§ WHAT YOU ARE ASKED TO DO:
Line by line, retype the material exactly and leave each picture out.

§ DATA BELOW:

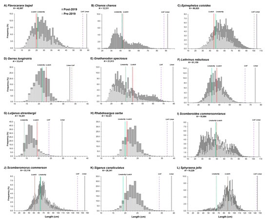 Length–frequency distributions of commercial catches of 12 key species in the pre- and post-2019 periods, and their reference points, including Lcatch (solid green vertical line), Linfinity (dashed purple vertical line), and Lmax (dashed black vertical line), estimated in 2024. Maturity size (Lmaturity, red dashed vertical lines) is from a literature search. (M. seheli was excluded due to the absence of historical length data, while C. chanos was represented only in the post-2019 period).
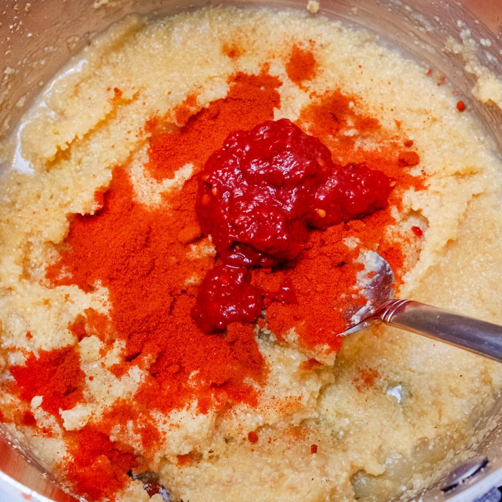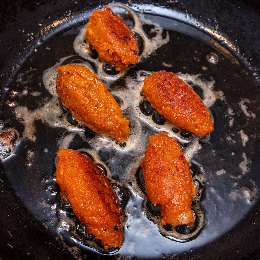 Wenig Zutaten, viel Wirkung: Maisgrieß wird mit Brühe, Butter und Paprikapulver zur samtigen Basis, Parmesan gibt Tiefe, ein Hauch Knoblauch den Flirt. Mit zwei Löffeln geformt und in brauner Butter geschwenkt, werden sie außen leicht knusprig, innen cremig – ideal als Beilage zu Schmorgerichten, Ragù oder gegrilltem Gemüse. Sie bringen rote Wärme auf den Teller, ohne laut zu werden: elegant genug fürs Menü, gemütlich genug fürs Familienessen. Optional mit geräuchertem Paprika für mehr Tiefe oder frischen Kräutern für die Garten-Note.
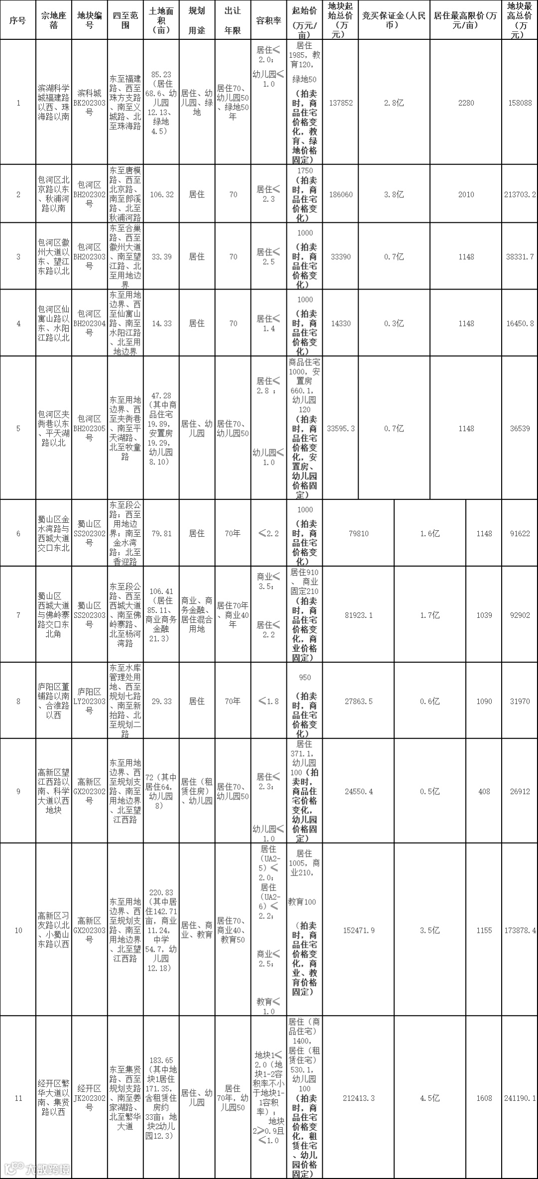 滨科城BK202303号、包河区BH202302号、包河区BH202303号、包河区BH202304号、包河区BH202305号、蜀山区SS202302号、蜀山区SS202303号、庐阳区LY202303号地块竞买人须为企业法人。该企业法人须具有中华人民共和国境内房地产二级以上(含二级)开发资质且注册资本金不低于1亿元人民币。

§ ANSWER BELOW:
 Length–frequency distributions of commercial catches of 12 key species in the pre- and post-2019 periods, and their reference points, including Lcatch (solid green vertical line), Linfinity (dashed purple vertical line), and Lmax (dashed black vertical line), estimated in 2024. Maturity size (Lmaturity, red dashed vertical lines) is from a literature search. (M. seheli was excluded due to the absence of historical length data, while C. chanos was represented only in the post-2019 period).
 Wenig Zutaten, viel Wirkung: Maisgrieß wird mit Brühe, Butter und Paprikapulver zur samtigen Basis, Parmesan gibt Tiefe, ein Hauch Knoblauch den Flirt. Mit zwei Löffeln geformt und in brauner Butter geschwenkt, werden sie außen leicht knusprig, innen cremig – ideal als Beilage zu Schmorgerichten, Ragù oder gegrilltem Gemüse. Sie bringen rote Wärme auf den Teller, ohne laut zu werden: elegant genug fürs Menü, gemütlich genug fürs Familienessen. Optional mit geräuchertem Paprika für mehr Tiefe oder frischen Kräutern für die Garten-Note.
 滨科城BK202303号、包河区BH202302号、包河区BH202303号、包河区BH202304号、包河区BH202305号、蜀山区SS202302号、蜀山区SS202303号、庐阳区LY202303号地块竞买人须为企业法人。该企业法人须具有中华人民共和国境内房地产二级以上(含二级)开发资质且注册资本金不低于1亿元人民币。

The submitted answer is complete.